During cardio workouts, the increasing heart rate raises the body temperature into the “fat-burning stage.” Calories, colloquially, are the evil things that in large quantity make us fatter. Scientifically, a calorie is defined as the amount of heat required at a pressure of one standard atmosphere to raise the temperature of one gram of water one degree Celsius. This is where the fat burning begins. “The time it takes to get there varies with people,” Knecht continued. “It can take 12 minutes. It can take 20 minutes.”

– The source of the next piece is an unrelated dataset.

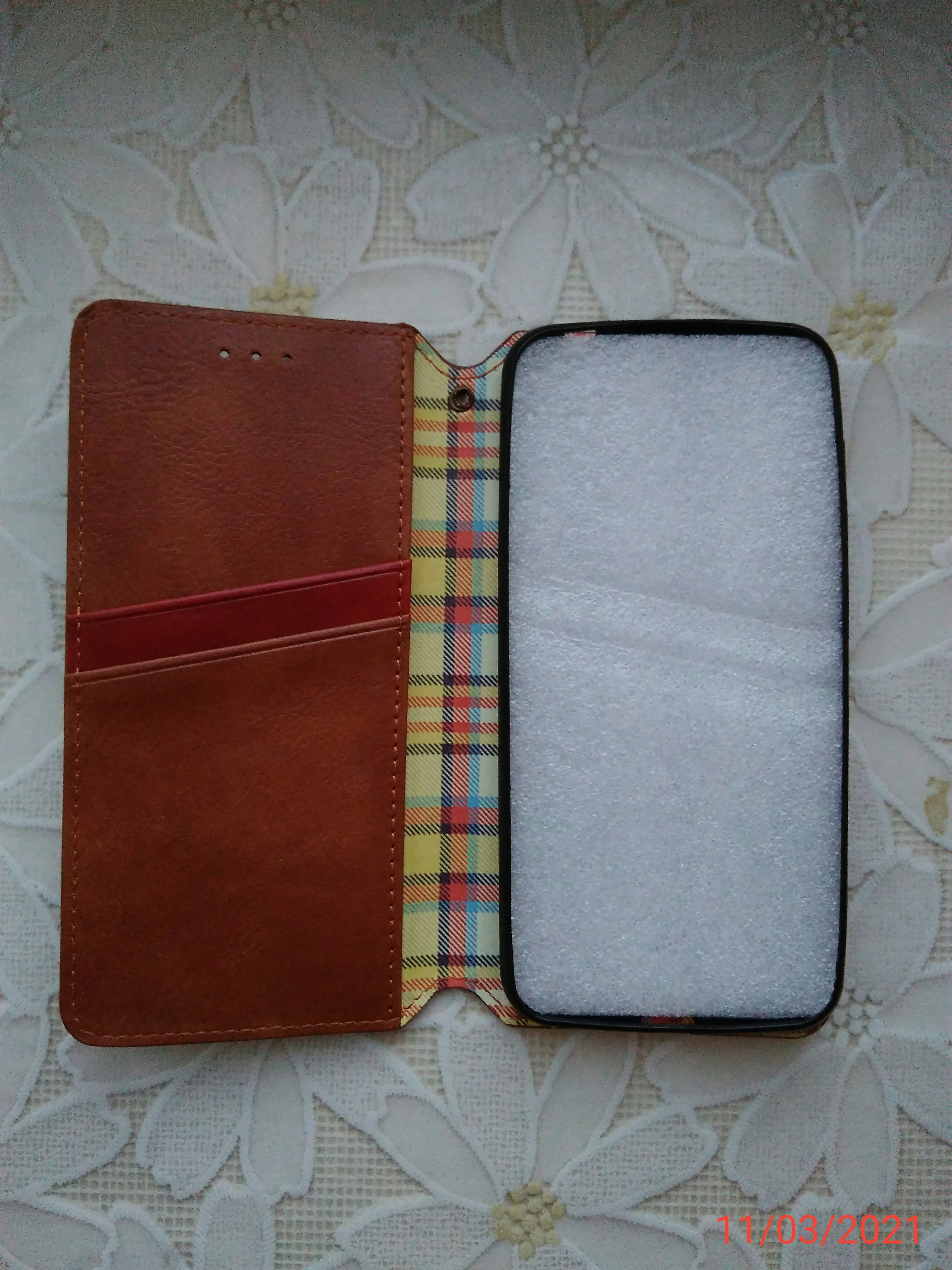 Заказ прибыл довольно быстро - через 2 недели. Материал чехла - ни какая ни кожа, а обычный ДЕРЬМАНТИН. Качество - на 3-ечку. Силиконовый бампер - тоже говно. К тому же, на верхнем торце обложки - зубчатые повреждения, как будто мыши грызли. Своих денег однозначно не стоит! Не видитесь на красивые фотки на фоне рулонов натуральной кожи.

The way the body burns fat is that it starts with the easy stuff first called muscle glycogen, a white, amorphous polysaccharide (a complex sugar) stored in the muscles which serves as an energy reservoir, being broken down to glucose when needed. Some people think that by not eating, you burn fat. Not true. “When your body goes into starvation mode, it burns protein,” explained Knecht. “It takes your muscle away.” In fact, the more muscle you have, the more fat will burn to keep the muscle healthy. Fat burns in accordance with the amount of work a body does and the body’s weight. The heavier the person, the more calories burn. Weight loss is just one benefit from exercise.
“It helps prevent all kinds of disease,” says Knecht. “Like arterial sclerosis — the hardening of the arteries — cancer — any kind of cancer, really — improving circulation, lowering blood pressure helps prevent stroke, heart disease and heart attacks.”

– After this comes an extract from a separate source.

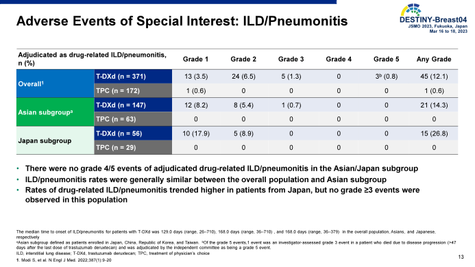 亚洲亚组及日本亚组中,T-DXd治疗期间没有4/5级间质性肺病(ILD)/肺炎发生。亚洲亚组的ILD/肺炎发生率为14.3%,但大多数(13.6%)为1/2级的轻度ILD/肺炎,与总体人群近似。日本患者ILD/肺炎的发生率较高,但无3级事件。
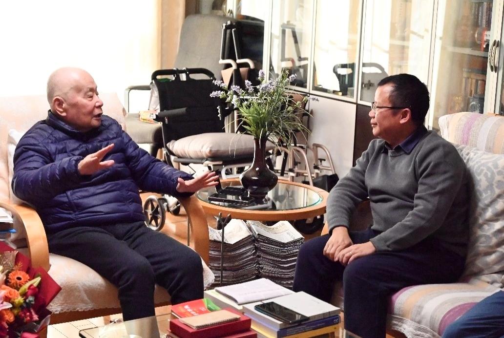 何祚庥老院士与一位戴着眼镜、衣着朴素的先生在交谈(图一)。交谈结束后,这位先生与何老院士、庆先生等人合影留念(图二)。 很多网友的心中可能就有疑问了,这位衣着朴素的先生是清华的哪位先生?这位先生不是旁人,他就是清华大学肖志刚教授。肖志刚教授现在管理清华物理系和天文系,其研究方向是核物理、重离子核反应动力学和先进探测器研发等方面。 清华物理系百年华诞之际,清华要了解老校友的求学故事,践行初心和使命,就特地拜访了一些老校友,这些老校友有何祚庥、刘广均和赵文津等先生。肖志刚教授亲自率众人登门拜访,此处也可以看出何老院士对于清华的影响力不一般。@何祚庥

Knecht also pushes moderation in exercise saying three to five times a week of 20-60 minutes of cardio work is excellent. “Don’t workout every day,” she says, citing the marathon runner condition which produces an overabundance of free radicals because of excessive exercise. Free radicals are not remnant members of Abby Hoffman’s Merry Pranksters, but are atoms or molecules with an unpaired electron. Unpaired electrons make for very unstable, highly reactive atoms and/or molecules. This odd, unpaired electron in a free radical causes it to collide with other molecules so it can steal an electron from them, which changes the structure of these other molecules and causes them to also become free radicals. This can create a self-perpetuating chain reaction in which the structure of millions of molecules are altered in a matter of nanoseconds wreaking havoc with our DNA, protein molecules, enzymes and cells.
Okay, then. All that biologically technical stuff amounts to this: Exercise, but don’t overdo it. Eat healthy, but don’t starve. Live to live long, but don’t avoid life. Just turn off the TV and take a walk.